By Operation Relex, the rumor that a child was thrown into the the water caught
on. Officials deployed on Adelaide later explained the boat communicated that a child
was held overboard. But a young Iraqi woman who was among the migrants on the
boat told: "We did not know the language and this was the only way to communicate
to these people, so he was holding his child to tell them, look we have children, if you
don't care about me, care about my child. But what the authorities heard and wrote
down was that the children were thrown.
After not having been able to turn previous boats back, the Adelaide fired across
the asylum seekers' bow, and the asylum seekers jumped into the ocean. Under
instruction from Canberra, Commander Banks decided not to pursue rescue. Then,
asylum seekers tore a hole in their boat's body and water began floading in, and their
boat sunk. Only then came the permission to begin rescue.
Whatever the reasons for the misinformation, the government took the report
about a child overboard as an opportunity to fuel its campaign against boat people.

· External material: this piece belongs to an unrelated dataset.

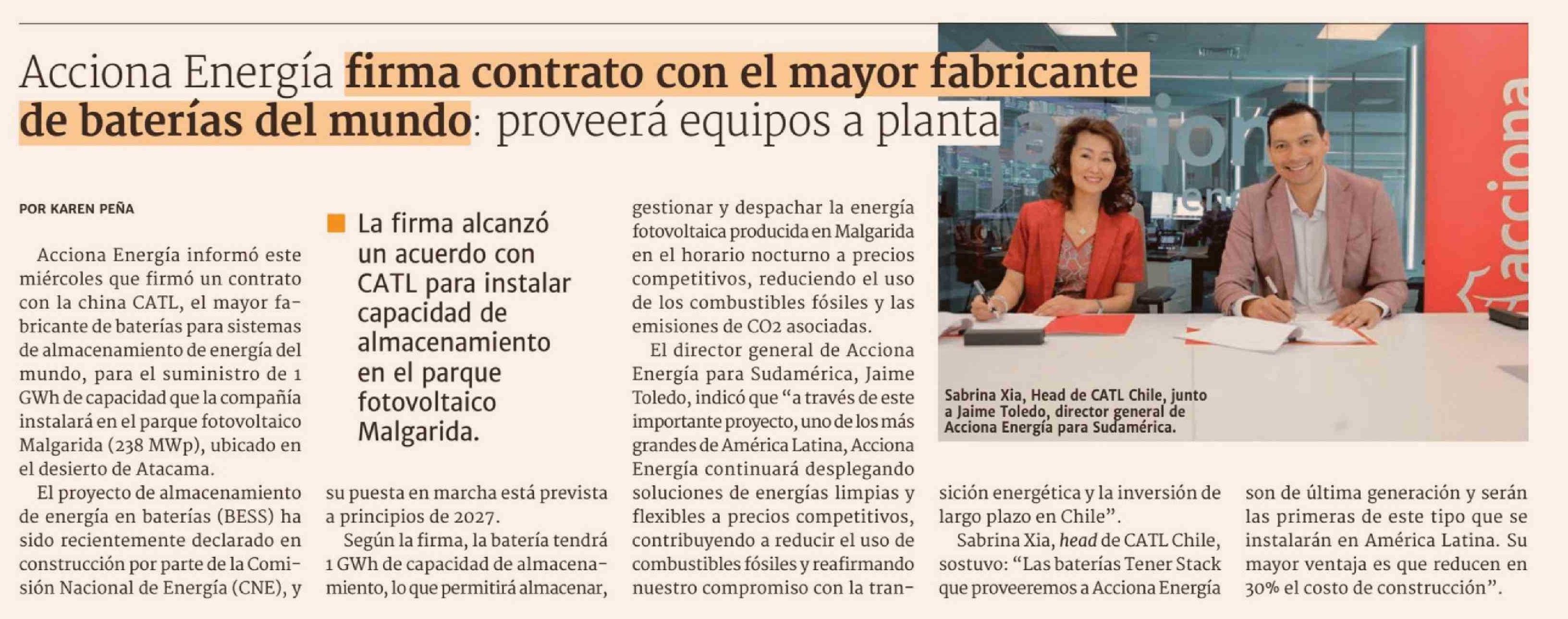Título: Acciona Energía firma contrato con el mayor fabricante de baterías del mundo: proveerá equipos a planta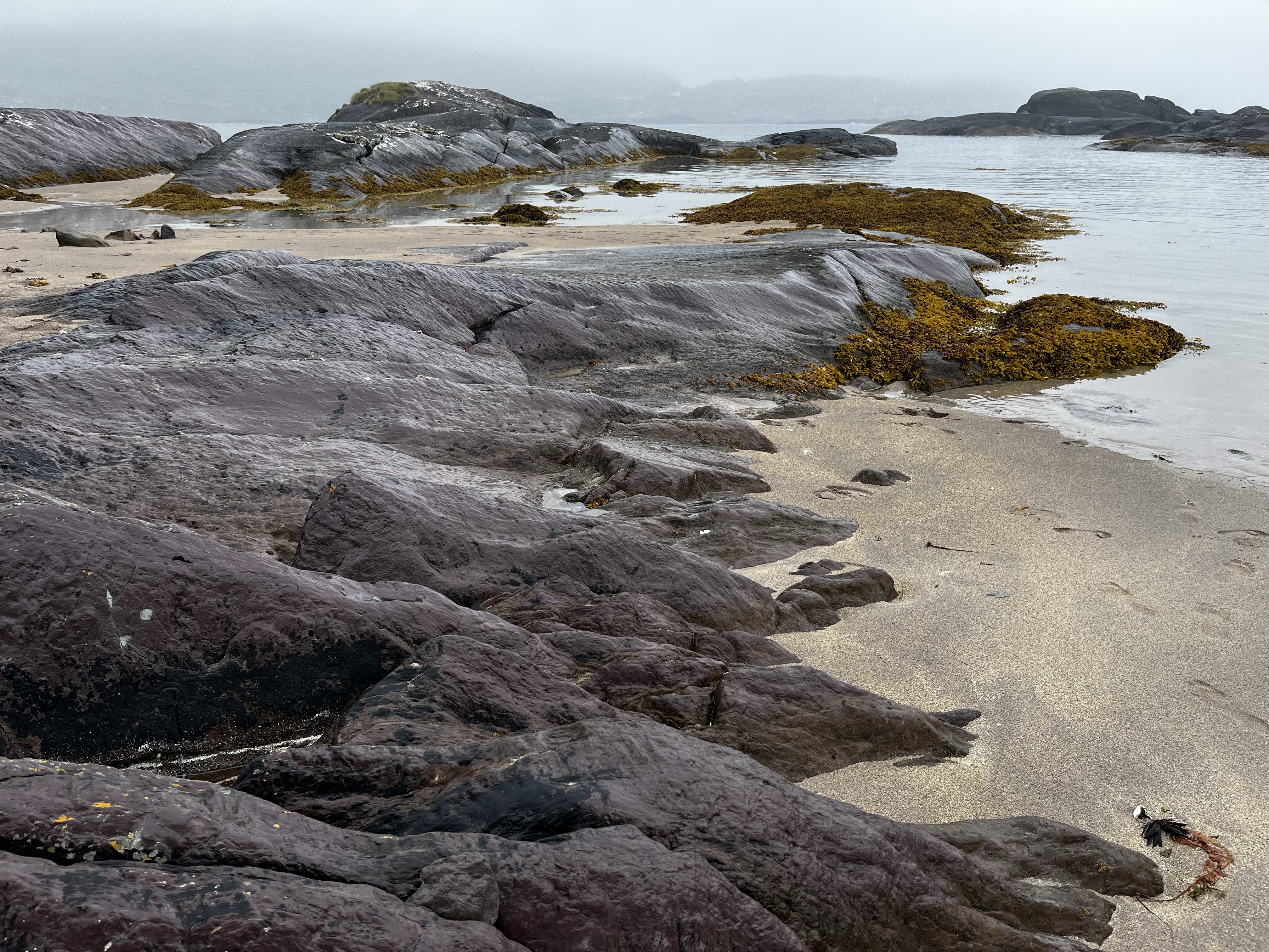 Afterwards, we continued down the mountain to meet our guide for an afternoon walk in Derrydane National Park, along the shore of Derrydane Bay. It was still misty at this point so our rain gear came in handy for the 2-hour walk. The scenery along the rocky shoreline was beautiful and our guide was very knowledgeable about the landscape and history of the region.

The issue was boiled down to a statement about the range of acceptable human
behavior. A dozen boats were detected during Operation Relex from early September
to late December 2001. Only one boat was turned back, in a case in which the
Australian Navy boarded it and drove it back to Indonesia on its own. One boat sank,
drowning 350.
On September 7, 2001, Operation Relex encountered the first boat. The Aceng
was warned not to enter Australia water, and the Navy tried to turn if back toward
Indonesia. "When the Master realized that again he was heading North towards
Indonesia he became nervous and pointing to himself, made slashing motions at his
neck, and said "Indonesia". The behavior of those on board became abusive, with
threats of harm to the boarding party, smashing of windows in the wheelhouse, and
objects thrown at the boarding personnel.
The Wary of killing one of the asylum seekers, the Navy gave up. At sunrise all
237 asylum seekers were transferred to an Australian flag vessel that took them to
Nauru for offshore processing. The similar action was provoked by other boat which
wanted to enter Australian Migration Zone. The Australian government's narrative
presented to thr Committee was one of gradual escalation in measure of "self-harm".
Migrants and smuggles network well prepared for intensifying the confrontation.
There were sit-ins and hunger strikes; threats of self-harm and threats of harm to
others; "intimidating behavior" toward Australian forces, protest, and riots. In some
cases, asylum seekers sabotaged the boats they were in, and sometimes the Navy
attempted to deploy engineers to repair the boats while still at sea.